In Figure 7 we have referred to the step rules as XSL rules. However the rules will need to include additional data (not included in the current scope of XSL-T stylesheet possibilities) the reason for this beeing that the existing XSL-T engines are not powerful enough to execute all of the potential tasks of the Workspaces engine. It has been suggested that an existing XSL transformer will need to be extended to enable coordination (check for presence of documents, allow for multiple input files - which is presently not supported even though it is part of the W3 recommendation) and the execution of external programs. Currently coordination steps - being of a potentially highly complex nature, as well as external steps, launching user applications are implemented outside of the XSL-T processor.
As we have seen (refer to Figure 6) the WSCL encoded workflow definition consists at the most basic level of transitions between activities. The necessary information for the execution of a single step refers to exactly one activity and its transitions. The Workspaces meta-step that compiles the definition to extract information about a single step will thus need to find transitions that connect an activity with its corresponding successor activities.
Moreover the information needed to execute and coordinate the following activities needs to be extracted from the workflow definition. This involves:
-
resolving variables within subflows with respect to their relative scope.
-
extraction of a number of relevant elements from the XML workflow definition document that are referenced through their respective identifier attributes.
We refer to the resulting document as a Workspaces step document. This document is itself an XML document that can hence be validated.
Two alternative modes of compilation of the Workspaces definition into step documents are conceivable. We refer to these two alternative modes of compilation as the "eager'' (run-time compilation) and "lazy'' (start-time compilation).
- Eager Compilation
-
This first compilation mode refers to compilation that will take place when or before the workflow is initialized. The necessary information for all the possible steps and variables of a workflow are generated when the workflow is launched. A repository will gather steps and variables. This repository could be implemented within XMLSpaces. Whenever a document refers to a certain following activity the corresponding step is extracted from XMLSpaces. Subflow definitions that are referenced within a workflow definition would have their own repositories and would hence not need to be compiled by the local engine.
Thus the repositories would allow for the sharing of step information across workflow instances. If externally referenced subflow definitions would have many running workflow instances a repository would be interesting to allow code-sharing. Moreover updates of subflows would be left to their providers, ensuring soundness and completeness across large networks. New versions of steps would automatically be used by the workflow instances participants.
In the field of detached computing the notion of a step repository is of special interest. Relevant steps for a certain workflow instance could easily be packaged and transferred to the detached system along with pointers to documents within XMLSpaces. Working offline would become possible in such a way.
- Lazy Compilation
-
This scenario refers to compilation that takes place as late as possible. Step information for a running workflow instance is only generated when is needed.

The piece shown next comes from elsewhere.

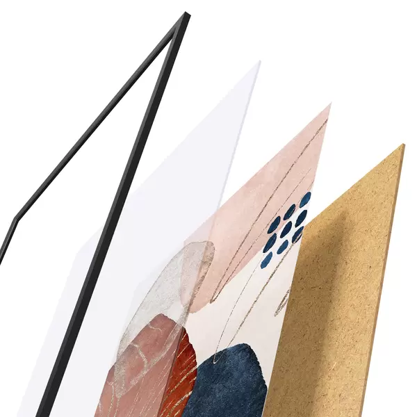 Le poster se compose d'un cadre, d'un plexiglas, d'une image imprimée et d'un support en aggloméré. Le poster peut être immédiatement accroché au mur grâce aux fixations au dos.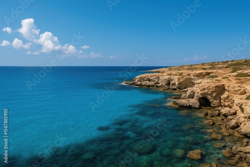 water, sky, summer, travel, background, landscape, sea, beauty, blue, europa, rock, island, mediterranean, coastline, coast, shore, bay, beach, petra, crescent, aphrodite, horizontal, western, scene, clear, cyprus, destination, nobody, scenic, seascape, tranquil, vacation

Hence compilation takes place whenever a single activity has been completed.
In this mode of compilation there would be no unnecessary space consumption by potentially unused steps as would potentially be the case in the previous scenario. References to subflows and variables are resolved at the latest possible time thus updated variables and subflow definitions will automatically be used whenever available. Moreover a provider of subflow definitions is not required to compile his scripts. The risk of large scale server-side computation is reduced.

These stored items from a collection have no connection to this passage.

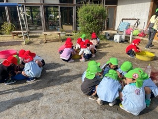 年中組の子ども達が、好きな遊びの時間に園庭に集まって何かを始めました!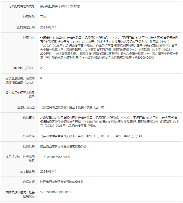 北京城建北方集团有限公司因拖欠工资拒不整改被罚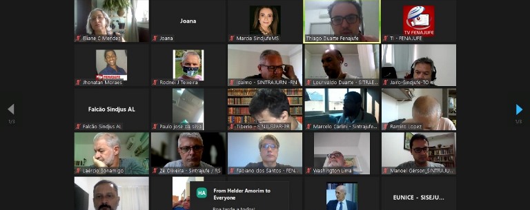 Sindicatos filiados à Fenajufe em todo o país participaram, nesta quarta-feira (19), da ‘reunião ampliadinha’ da entidade para discutir os próximos passos da luta em favor da reposição salarial de servidores públicos do Poder Judiciário da União (PJU) e Ministério…

Since the step information is available at the same time as the updated current workflow document, this last document (extracted from XMLSpaces) could be included in the step XML document. In this way all the relevant information (including the document to be transformed) is gathered within a single XML file.
Client-side lazy compilation of steps in a mobile environment would be more difficult. However copying parts of workflow definitions as well as relevant documents from XMLSpaces onto detached systems could still make offline compilation possible. Algorithms for determining and computing potential steps for future detached work within a workflow instance are conceivable.
The current prototype of the Workspaces engine uses the lazy mode of compilation. Ensuring consistency and soundness while still offering a high degree of distribution was our primary objective. We did not want to emphasize server-side computation as in traditional client-server architectures, which would clearly be a consequence of a step repository. Ubiquitous engines depending on a ubiquitous XMLSpaces implementation were favored in our system.
<!-- Insertion of Performers --> <xsl:template mode="insert-performer" match="*"> <xsl:variable name="name" select="@PERFORMER"/> <xsl:choose> <!-- is the matching PARTICIPANT in the WORKFLOW ? --> <xsl:when test='ancestor::WORKFLOW/child::PARTICIPANT[@ID= name][position()=1]"/> </xsl:when> <!-- is the matching PARTICIPANT in the MODEL ? --> <xsl:when test='/child::MODEL/child::PARTICIPANT[@ID=name][position()=1]"/> </xsl:when> < !-- where is the PARTICIPANT ? --> <xsl:otherwise> <xsl:text>NO MATCHING PARTICIPANT FOUND</xsl:text> </xsl:otherwise> </xsl:choose> </xsl:template>
Refer to Figure 8 for an example of an XSL-T stylesheet template used in the Workspaces engine. This very simple template illustrates the insertion of the responsible performer once an activity for a step has been determined.
Further information on the implementation of the Workspaces model is available at http://www.cs.tu-berlin.de/~stauch/Diplom.
2.4. Coordination: XMLSpaces
Since the execution of steps, as described above, is dependent on the presence of a document to be processed, the coordination of the flow is data driven, as opposed to control-driven. As has been pointed out in the introduction, Workspaces uses XMLSpaces - a Linda derivative - to coordinate its flows. XMLSpaces relies on its documents being XML encoded and offers a number of XML specific retrieval and query operations.
Workspaces is implemented by a number of identical engines that are located on different hardware platforms on different locations. The engines are coordinated through the presence or absence of special (user-dependant) documents. The resulting architecture is depicted in Figure 9.
3. Implementation
The current prototypical implementation ( [Sta99]) is based on a engine that launches external applications and coordinates the processes. It uses James Clark's Java implementation of XT as an XSL-T processor. Through XT the workflow definitions are compiled and the resulting individual steps that include all the necessary information for a single activity are then executed by the Java engine. The engine, through a simple Java Swing graphical user interface presents the available worklist to the user, who will choose which steps are to be executed (refer to figure Figure 10).
4. Conclusions
In a restricted test environment first tests with the prototypical implementation have shown good performance and stability. The problems faced in real world applications may however be of a different nature, scalability is clearly an issue considering the memory and performance problems inherent in the DOM Model and the XSL-T transformation tools. The architecture of Workspaces however allows for integration of new transformation tools, should these problems be tackled and resolved in the future, it would be easy to adapt the engine to using new transformation engines.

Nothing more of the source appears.